Comparazioni strutturali a grandi linee tra differenti mutanti possono essere ottenute da analisi di pattern di attenuazione paramagnetica misurati in presenza ed assenza di spin label (Esposito et al., 1992) o addirittura da pattern di accessibilità differenziale del solvente (Dalvit, 1996, 1998).
Oltre alla caratterizzazione strutturale di base, la spettroscopia NMR può essere usata per misurare i parametri di mobilità molecolare mediante studi di rilassamento di 15N. Misure di rilassamento comparative possono fornire informazioni veloci sui profili di mobilità segmentale di differenti mutanti.
La spettroscipia NMR può anche fornire informazioni dettagliate di stabilità di struttura secondaria mediante misure di velocità di scambio isotopico, Queste velocità possono essere determinate sia in condizioni distanti rispetto a quelle denaturanti, dove prodomina il regime di scambio non correlato (EX2) e che consentono di ottenere parametri termodinamici di stabilità locale, sia in prossimità di denaturazione, quando viene osservato lo scambio correlato per valutare la cinetica del processo di denaturazione (EX1). Determinazioni di spettrometria di massa con ionizzazione elettrospray saranno complementari alle determinazioni NMR e saranno di aiuto specie per indagare processi veloci.
Una parte importante dell’analisi NMR verrà dedicata alle cosiddette determinazioni real-time NMR, mediante le quali siamo stati in grado di seguire l’evolizione cinetica degli intermedi di refolding lenti di parecchie varianti di b2m, per trarre conclusioni strutturali sulla loro natura. Questo tipo di determinazioni è condotto mediante NMR con una osservazione continua di una soluzione di proteina denaturata in GdnCl che viene rapidamente diluita con un tampone di refolding. Contiamo di effettuare questo tipo di determinazioni con tutti i mutanti che verranno avviati all’indagine NMR. In circostanze favorevoli, un mutante potrebbe anche mostrare intermedi lenti di unfolding che possono essere egualmente studiati mediante NMR 1D e paragonati con i pattern ottenuti da corrispondenti esperimenti di refolding. Lo stesso tipo di determinazioni può essere eseguito in presenza della catena pesante di MHC-I, in particolare quando la mutazione che viene esaminata riguarda un residuo di cui sia noto il contatto con la catena pesante.
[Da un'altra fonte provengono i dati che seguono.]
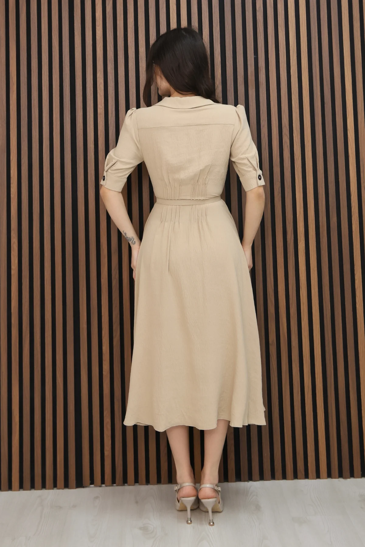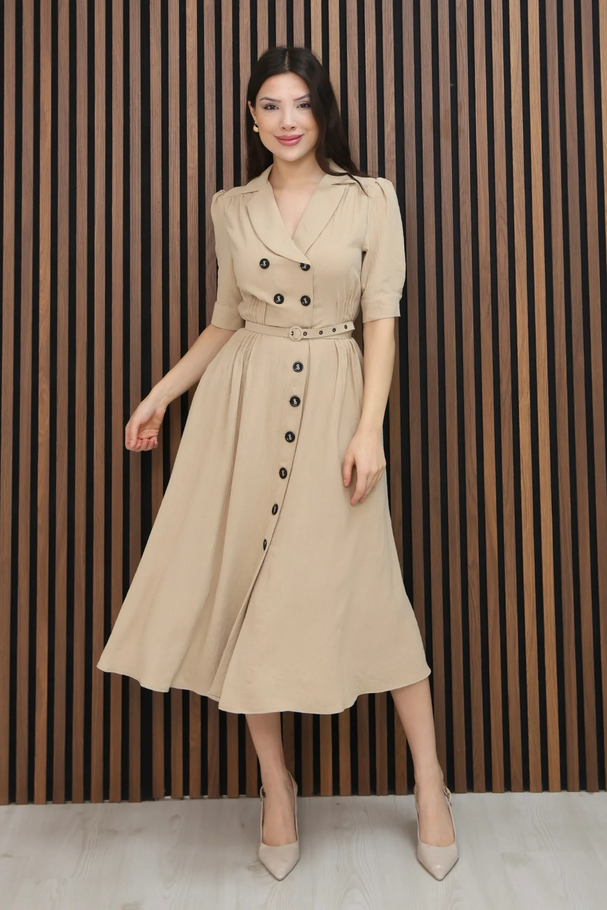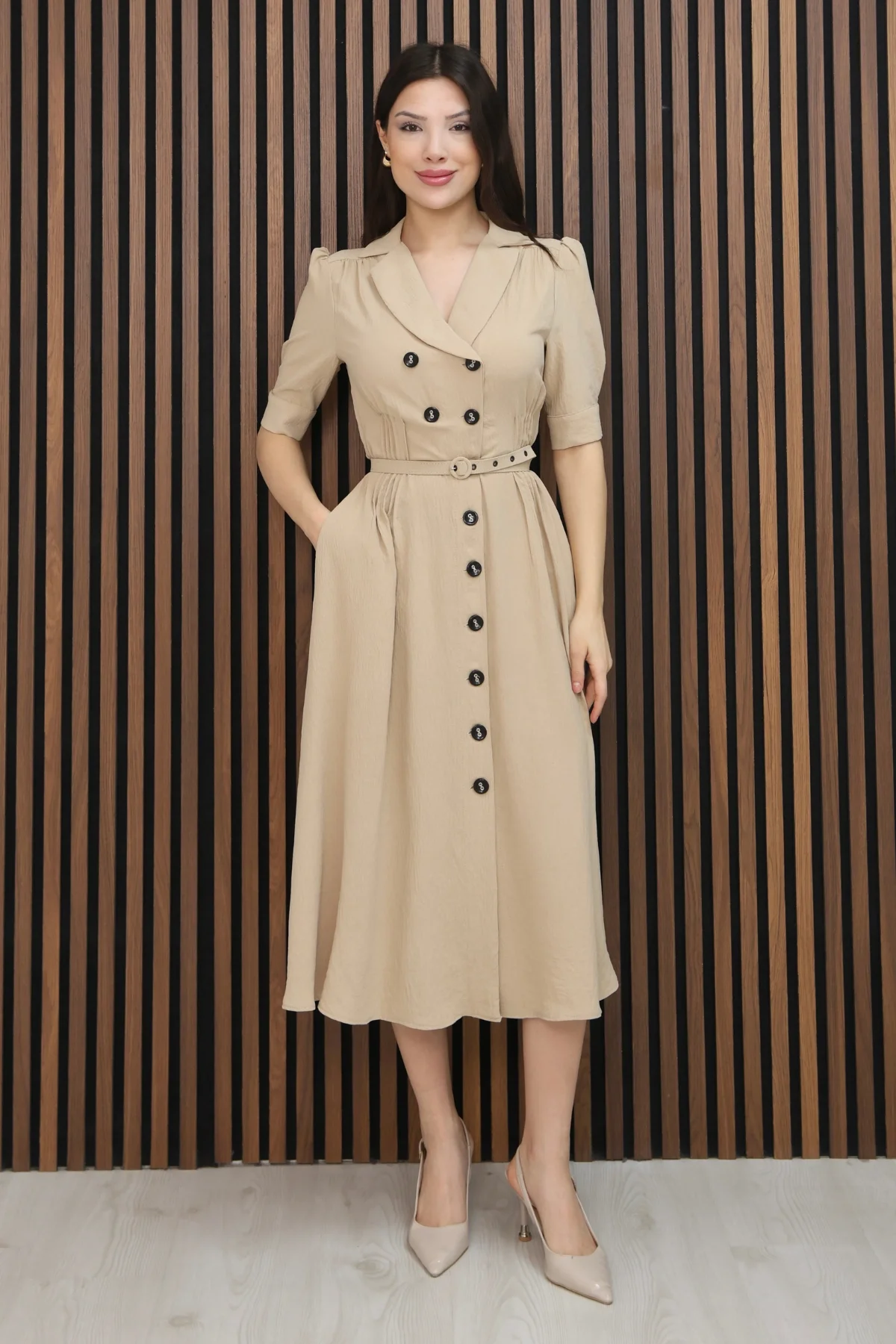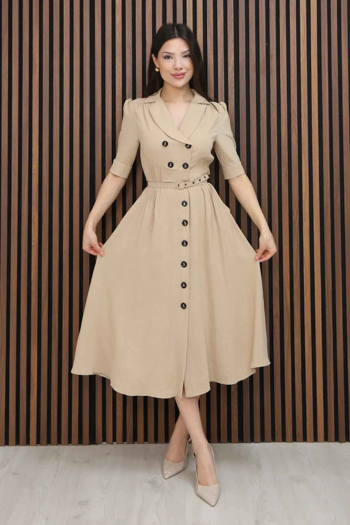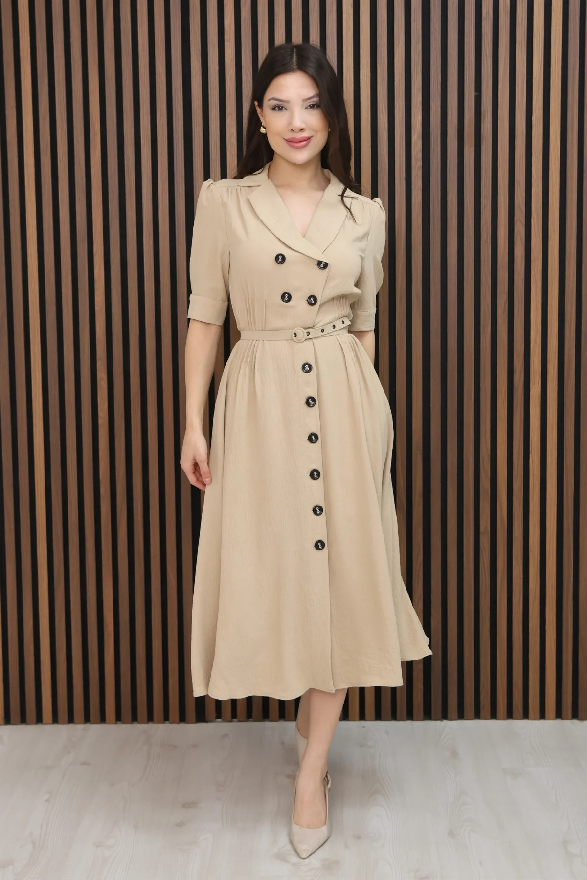 Nursel Ergin Düğme Detaylı Elbise 6059-Bej

La semplice presenza di catena pesante nel tampone di refolding potrebbe alterare la velocità del processo se la conformazione destrutturata possiede una qualche affinità per la catena pesante. L'entità della interazione tra catena leggera e pesante può essere analizzata mediante classici esperimenti di transfer NOE (Clore and Gronenborn, 1982) effettuati in condizioni stazionarie.
Tutti i risultati ottenuti dagli studi strutturali e dinamici NMR saranno resi dispobibili a tutte le altre unità, ed in particolare alla unità di Firenze che raccoglierà tutte le evidenze sperimentali dello studio sistematico proposto dal presente progetto di ricerca per individuare correlazioni generali per determinanti di misfolding ed amiloidogenesi di b2m.